The Pentagon on Friday finalized a long-awaited contract to Lockheed Martin [LMT] for the fifth batch of F-35s in low-rate production, formally ending a year of contentious negotiations for the 32 aircraft.
The $3.8 billion contract covers 22 of the Air Force’s F-35A conventional takeoff and landing variants, three F-35B short takeoff and vertical landing versions for the Marine Corps, and seven F-35C carrier variants for the Navy, said Joe DellaVedova, a spokesman for the Joint Strike Fighter acquisition office at the Pentagon.

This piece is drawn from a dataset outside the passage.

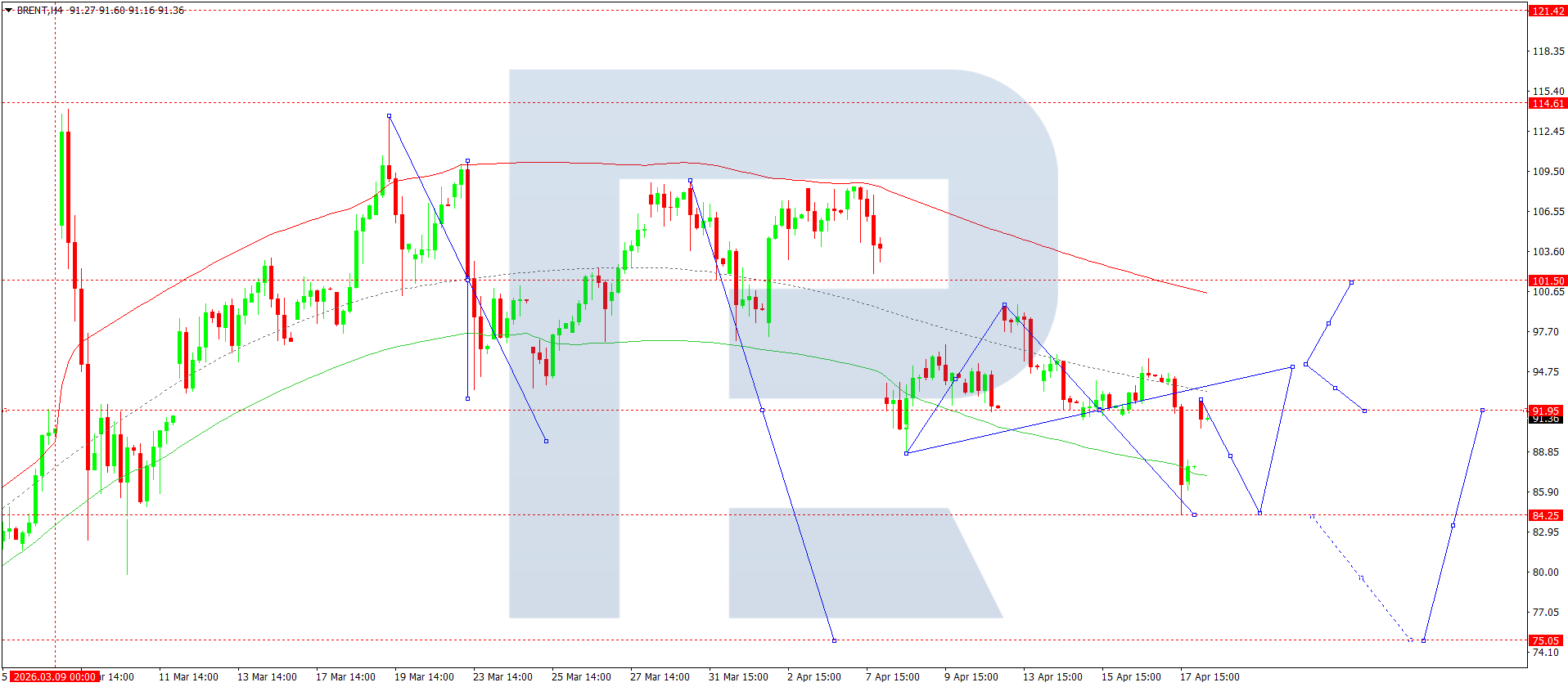 บนกราฟ H4 ของน้ำมันดิบ Brent ตลาดได้เสร็จสิ้นโครงสร้างขาลงไปที่ 84.25 วันนี้ 20 เมษายน 2026 อาจเกิดการปรับตัวขึ้นไปที่ 92.00 พร้อมกับการก่อตัวของช่วงการสะสมตัวต่ำกว่าระดับนี้ หากทะลุขึ้นจากช่วงดังกล่าว จะเปิดโอกาสให้ปรับตัวขึ้นไปที่ 101.50 และอาจต่อเนื่องไปยัง 110.00 ซึ่งเป็นเป้าหมายระยะสั้น ในทางกลับกัน หากทะลุลง อาจเกิดการปรับฐานอีกครั้งไปที่ 75.00 จากนั้นคาดว่าจะปรับตัวขึ้นไปยัง 110.00

Lockheed Martin had already begun work on the fifth low-rate initial production (LRIP) phase of the program after receiving the nod from the Pentagon in 2011, even though the financial terms had not been ironed out. The government and prime contractor had been engaged in difficult negotiations, largely over how the burden of redevelopment–or concurrency–cost should be shared.
The outgoing program executive officer for the F-35, Vice Adm. Dave Venlet, signaled two weeks ago that a tentative agreement had been reached.
“It’s been a long journey, but I’m pleased we’ve achieved an agreement that is beneficial to the government and Lockheed Martin,” Venlet said Nov. 30.
LRIP 5 will bring the total number of F-35s built in low-rate production to 95.
“With the F-35 Low Rate Initial Production 5 (LRIP-5) contract finalized, we look forward to completing the build of these 5th generation aircraft and delivering them to our war fighters defending both the U.S. and our allies,” Orlando Carvalho, Lockheed Martin’s F-35 program general manager, said Friday.
The F-35 program has been mired in controversy over massive cost overruns and delays. It is now estimated it will cost $395 billion to produce the planned 2,443 fighter jets with a total life time cost, which includes maintenance and operations, expected to exceed $1 trillion over the next five decades.